## Task prompt
Reproduce each entry exactly as it reads. Leave the images out.

(Stored data entries)

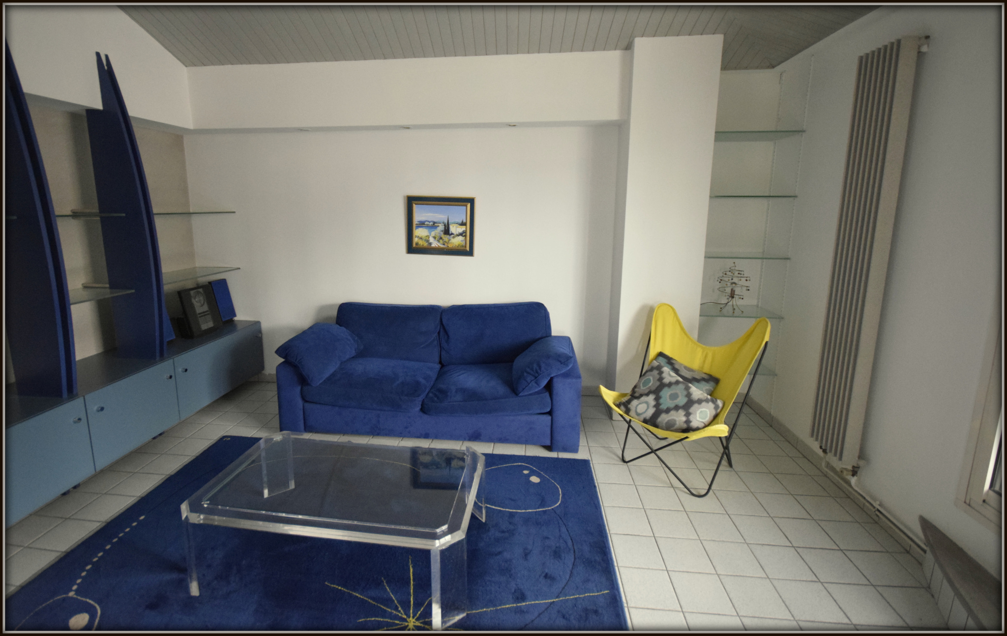 Grande pièce de vie donnant sur un grand balcon filant,
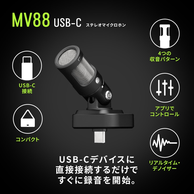 繋ぐだけですぐに使えるマイク、MV88がMOTIVシリーズに復活しました。USB-C端子を搭載し、USB-C対応のモバイルデバイスに瞬時に接続できます。スマートフォンでの音声収録を新しいレベルに引き上げる準備はいいですか?MV88なら、即座にプロレベルの音質を実現できます。
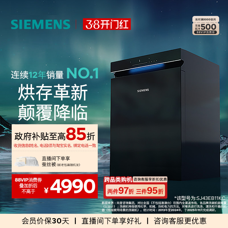 新品西门子SJ43HB88KC家用全自动嵌入式洗碗机16+3套极净魔盒2.0
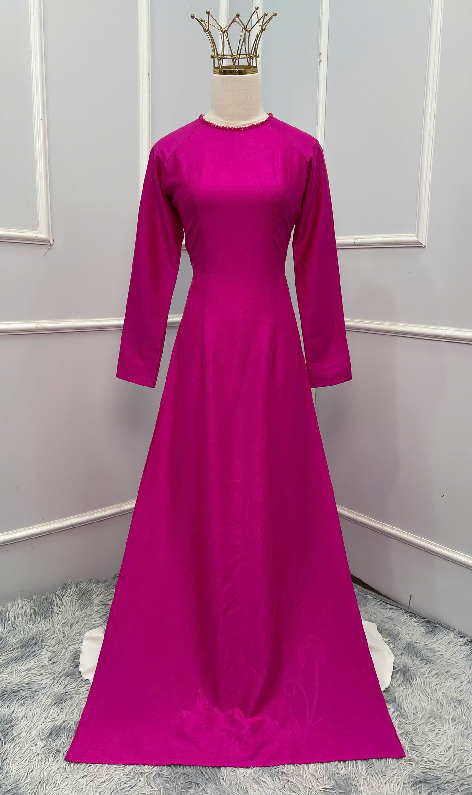H281 1472 Áo only - Áo dài lụa ánh sao 4D đính kết cổ
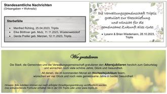 | 13.12. | 14:00 | Triptis, Schützenhaus | Stadt Triptis - Seniorenweihnacht |
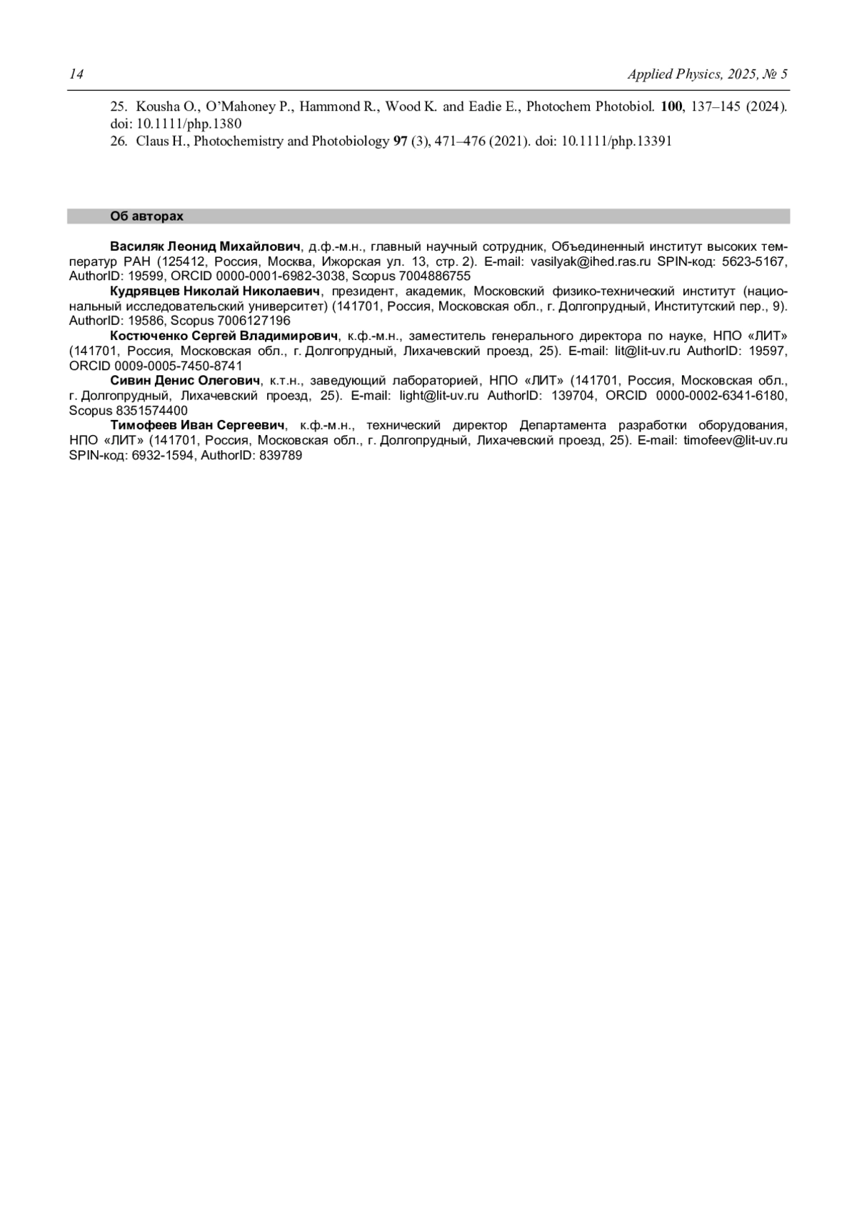 Василяк Л. М., Кудрявцев Н. Н., Костюченко С. В., Сивин Д. О., Тимофеев И. С.
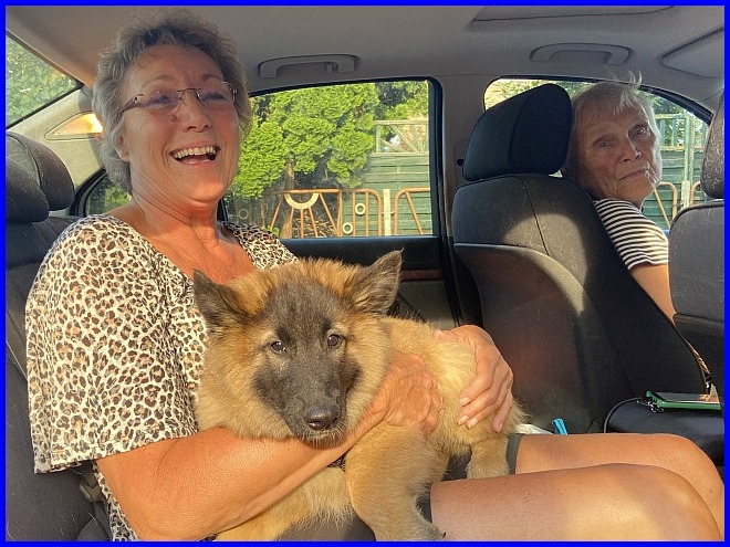 Hier sind ein paar Momentaufnahmen vom Start in ihr neues Leben, kennen gelernt haben meine Knirpse ihre neuen Familien alle schon paar Wochen vor ihrem Auszug, nur die Entscheidung, wer zu wem darf, die ist erst sehr spät gefallen. Die Knirpse sind inzwischen schon 7Monate bei ihren neuen Familien, und alle sind mega glücklich, haben mir schon Fotos und Videos geschickt. Besonders sehr freut es mich, dass einige Welpen ausgestellt werden, und ich sie wieder sehen werde. Hier stelle ich erst einmal nur die neuen Familien vor. In den nächsten Tagen werde ich von jedem einzelnen Welpen ein kleines Portrait, mit Aufnahmen aus dem neuen Zuhause, in die Newstime 2023 stellen.
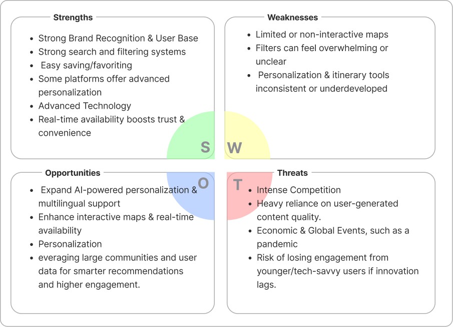 I synthesized insights from heuristic evaluations of competitor platforms and qualitative analysis of user reviews to identify:
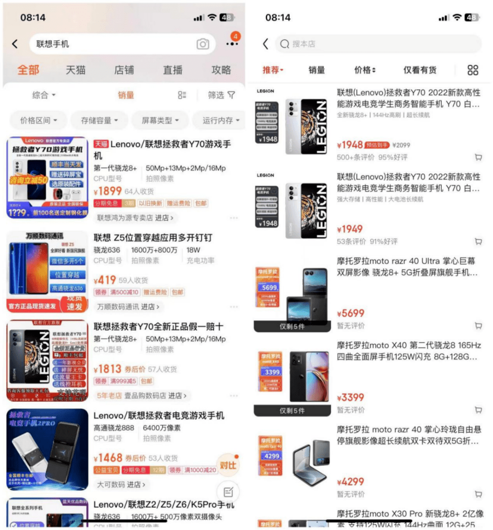 作为国内较早进入手机行业的厂商之一,智能手机时代,联想也曾先后推出乐 Phone、VIBE、乐檬、ZUK 、摩托罗拉、拯救者等多个手机品牌,但如今在国内市场上,联想的这些品牌不但早以被淹没在历史的长河中。而且就算目前仍在运营的部分品牌,在京东、淘宝等电商平台上销量依然惨淡。

## Output of the exercise
 Grande pièce de vie donnant sur un grand balcon filant,
 繋ぐだけですぐに使えるマイク、MV88がMOTIVシリーズに復活しました。USB-C端子を搭載し、USB-C対応のモバイルデバイスに瞬時に接続できます。スマートフォンでの音声収録を新しいレベルに引き上げる準備はいいですか?MV88なら、即座にプロレベルの音質を実現できます。
 新品西门子SJ43HB88KC家用全自动嵌入式洗碗机16+3套极净魔盒2.0
H281 1472 Áo only - Áo dài lụa ánh sao 4D đính kết cổ
 | 13.12. | 14:00 | Triptis, Schützenhaus | Stadt Triptis - Seniorenweihnacht |
 Василяк Л. М., Кудрявцев Н. Н., Костюченко С. В., Сивин Д. О., Тимофеев И. С.
 Hier sind ein paar Momentaufnahmen vom Start in ihr neues Leben, kennen gelernt haben meine Knirpse ihre neuen Familien alle schon paar Wochen vor ihrem Auszug, nur die Entscheidung, wer zu wem darf, die ist erst sehr spät gefallen. Die Knirpse sind inzwischen schon 7Monate bei ihren neuen Familien, und alle sind mega glücklich, haben mir schon Fotos und Videos geschickt. Besonders sehr freut es mich, dass einige Welpen ausgestellt werden, und ich sie wieder sehen werde. Hier stelle ich erst einmal nur die neuen Familien vor. In den nächsten Tagen werde ich von jedem einzelnen Welpen ein kleines Portrait, mit Aufnahmen aus dem neuen Zuhause, in die Newstime 2023 stellen.
 I synthesized insights from heuristic evaluations of competitor platforms and qualitative analysis of user reviews to identify:
 作为国内较早进入手机行业的厂商之一,智能手机时代,联想也曾先后推出乐 Phone、VIBE、乐檬、ZUK 、摩托罗拉、拯救者等多个手机品牌,但如今在国内市场上,联想的这些品牌不但早以被淹没在历史的长河中。而且就算目前仍在运营的部分品牌,在京东、淘宝等电商平台上销量依然惨淡。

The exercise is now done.